Verse > Anthologies > The World’s Best Poetry > Vol. V. Nature
Bliss Carman, et al., eds.  The World’s Best Poetry.
Volume V. Nature.  1904.
II. Light: Day: Night
From the “Hymn to Light”
Abraham Cowley (1618–1667)
  SAY, from what golden quivers of the sky
      Do all thy wingèd arrows fly?
      Swiftness and Power by birth are thine:
From thy great sire they came, thy sire, the Word Divine.
  Thou in the Moon’s bright chariot, proud and gay,        5
      Dost thy bright wood of stars survey;
      And all the year dost with thee bring
Of thousand flowery lights thine own nocturnal spring.
  Thou, Scythian-like, dost round thy lands above
      The Sun’s gilt tent forever move,        10
      And still, as thou in pomp dost go,
The shining pageants of the world attend thy show.
  Nor amidst all these triumphs dost thou scorn
      The humble glow-worms to adorn,
      And with those living spangles gild        15
(O greatness without pride!) the bushes of the field.
  Night and her ugly subjects thou dost fright,
      And Sleep, the lazy owl of night;
      Ashamed and fearful to appear,
They screen their horrid shapes with the black hemisphere.
*        *        *        *        *
  At thy appearance, Grief itself is said
      To shake his wings, and rouse his head:
      And cloudy Care has often took
A gentle beamy smile, reflected from thy look.
  At thy appearance, Fear itself grows bold;        25
      The sunshine melts away his cold.
      Encouraged at the sight of thee
To the cheek color comes, and firmness to the knee.

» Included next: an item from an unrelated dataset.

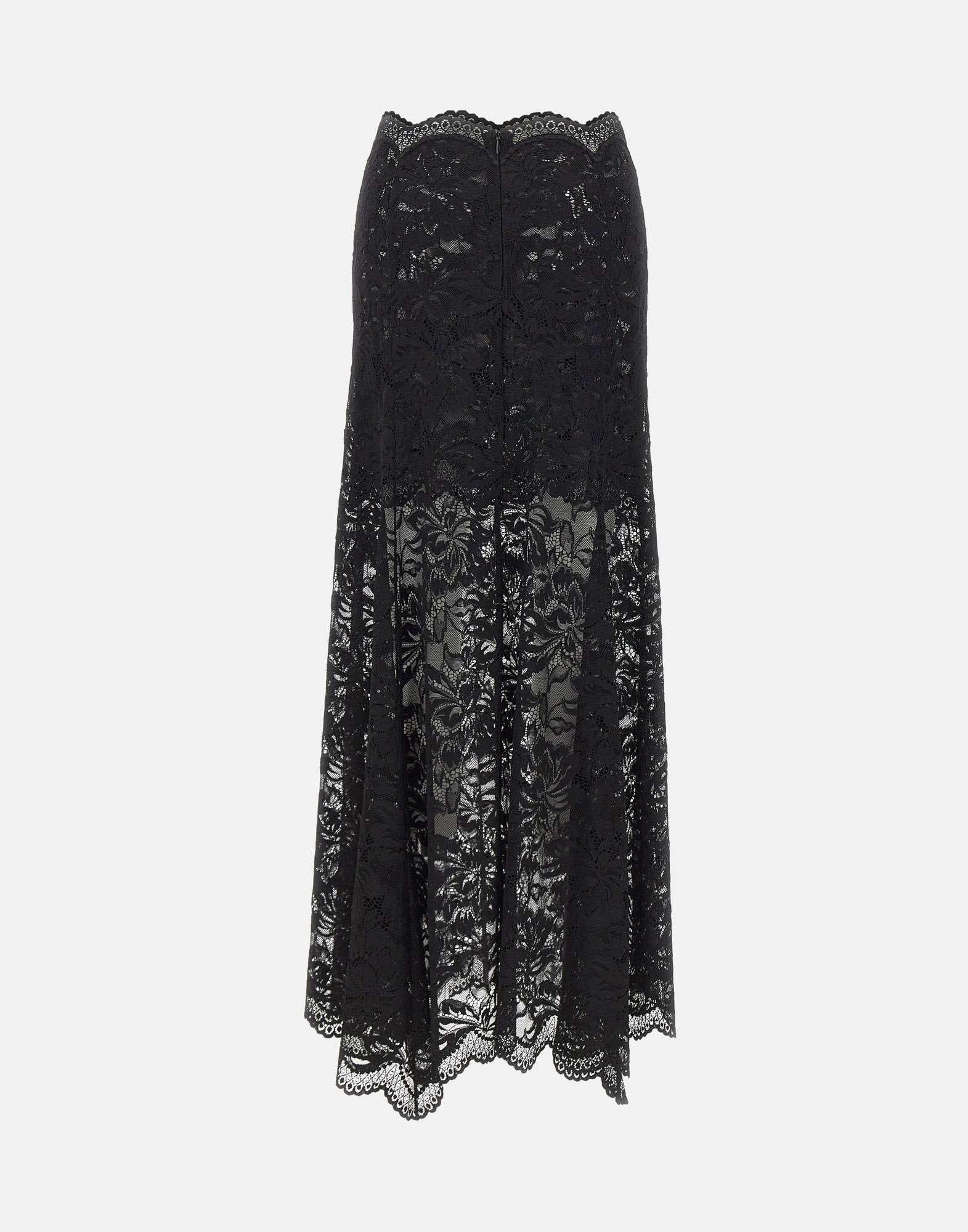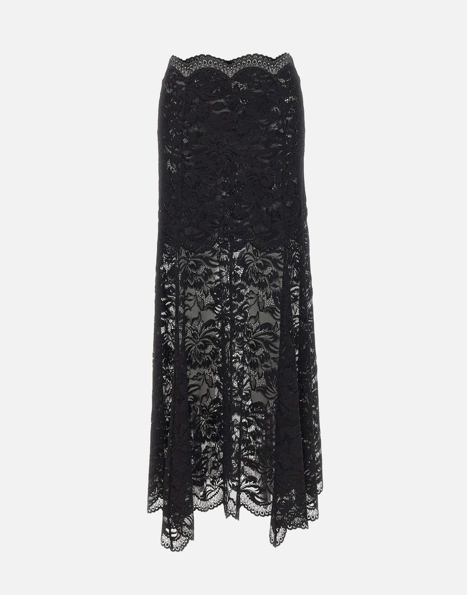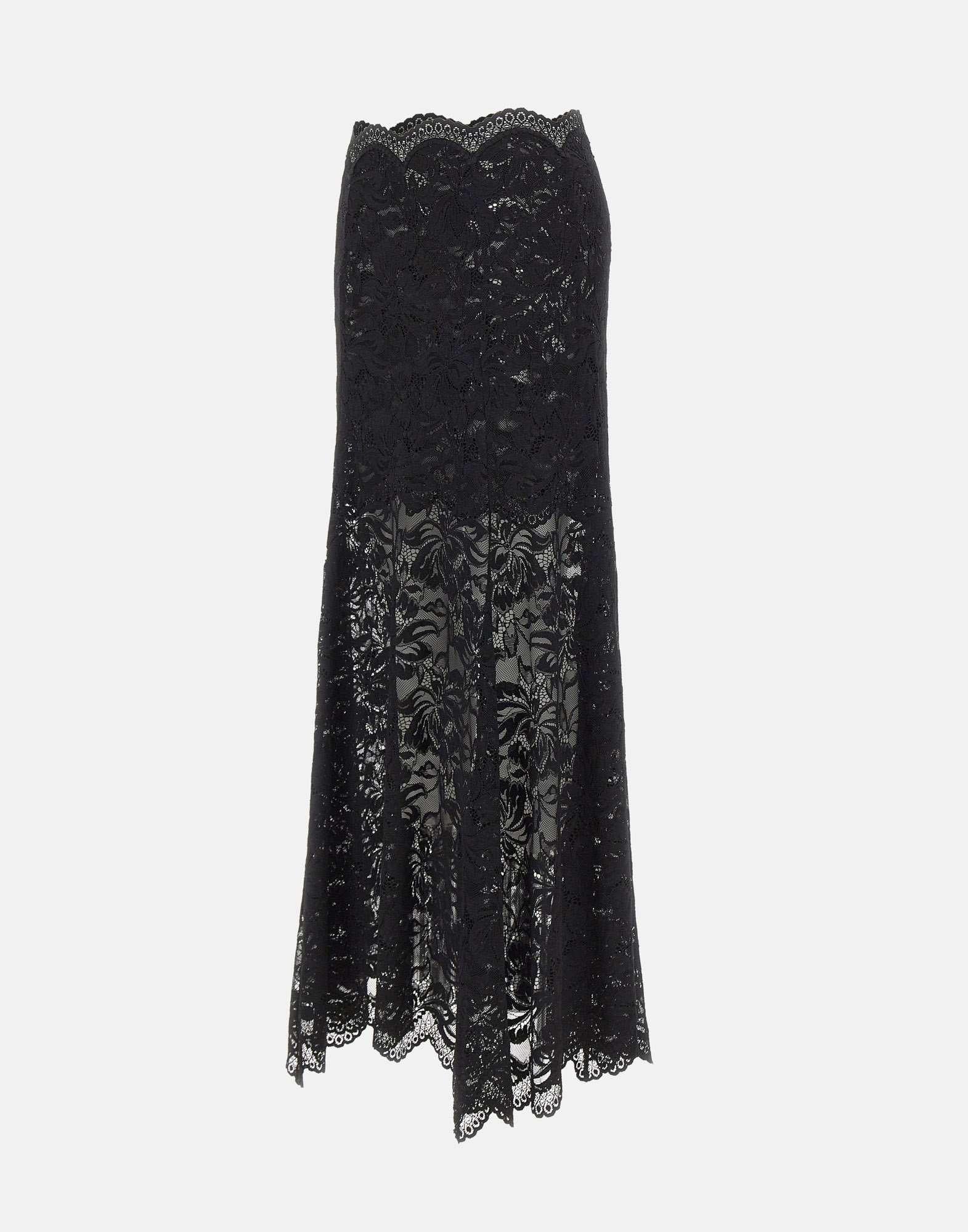 Rabanne long skirt crafted entirely from black lace, designed for a luminous, feminine elegance. The flared cut adds graceful movement, while the waist and hems are finished with delicate lace trim for a refined touch. A concealed back zip closure keeps the silhouette clean and polished. Regular fit, perfect as a maxi skirt for special occasions and evening looks.
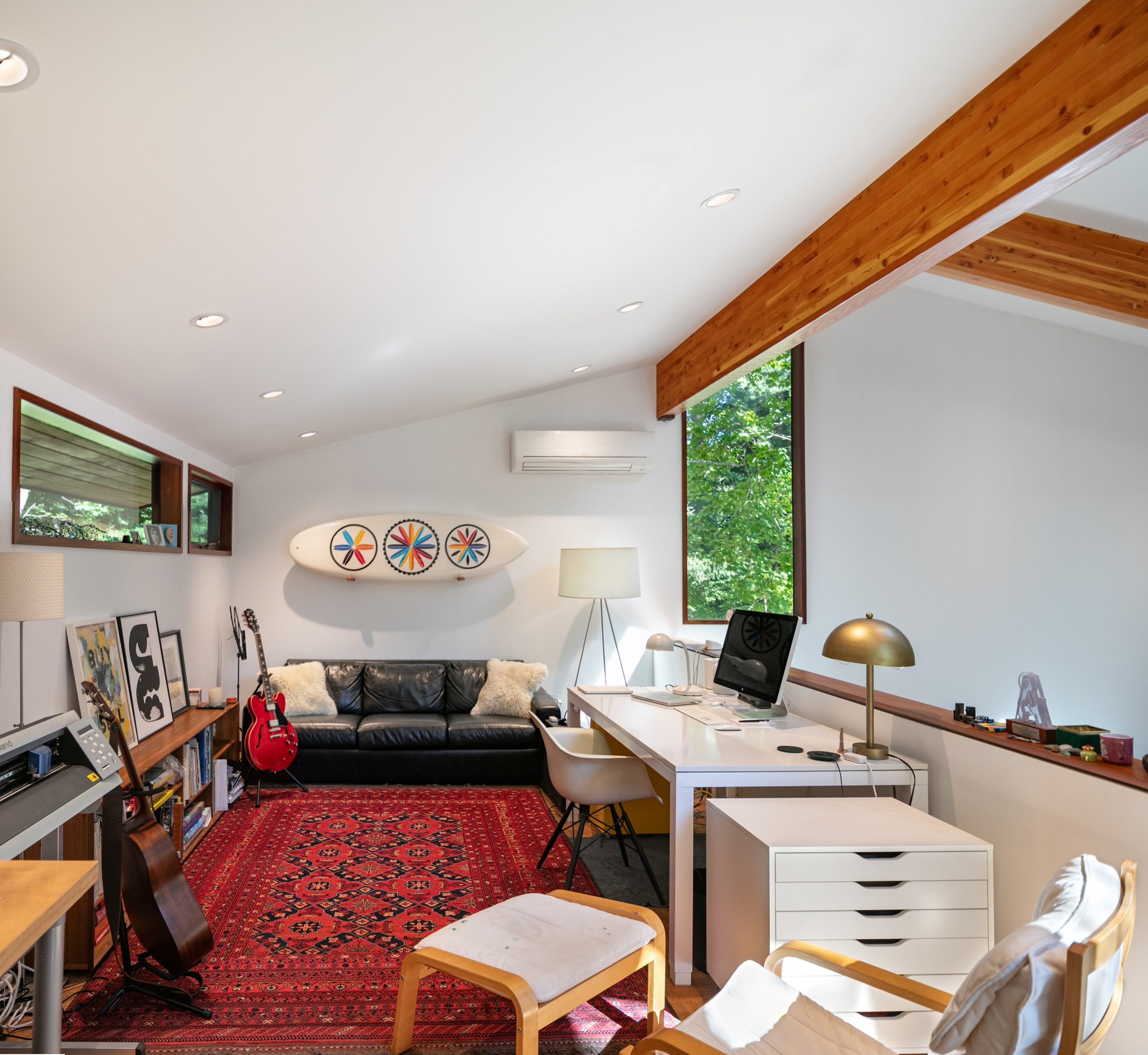 Artist’s studios such as this remind us that creativity isn’t magical – it’s human. It’s messy, deliberate, playful, and deeply personal. Some studios are meticulously organized, while others are disheveled. Some spaces contain musical instruments, while others contain paint canvases. The creative space pulses with energy, revealing clues about how these artists work through their musical and fine art improvisations. It’s clearly a sanctuary where creativity flourishes & creative ideas thrive.

  When, goddess, thou lift’st up thy wakened head
      Out of the morning’s purple bed,        30
      Thy quire of birds about thee play,
And all the joyful world salutes the rising day.
  All the world’s bravery, that delights our eyes,
      Is but thy several liveries;
      Thou the rich dye on them bestow’st,        35
Thy nimble pencil paints this landscape as thou go’st.
  A crimson garment in the rose thou wear’st;
      A crown of studded gold thou bear’st;
      The virgin-lilies, in their white,
Are clad but with the lawn of almost naked light.        40
  The violet, Spring’s little infant, stands
      Girt in thy purple swaddling-bands;
      On the fair tulip thou dost dote;
Thou cloth’st it in a gay and party-colored coat.
*        *        *        *        *
  Through the soft ways of heaven, and air, and sea,        45
      Which open all their pores to thee,
      Like a clear river thou dost glide,
And with thy living stream through the close channels slide.
*        *        *        *        *
  But the vast ocean of unbounded day,
      In the empyrean heaven does stay.        50
      Thy rivers, lakes, and springs, below,
From thence took first their rise, thither at last must flow.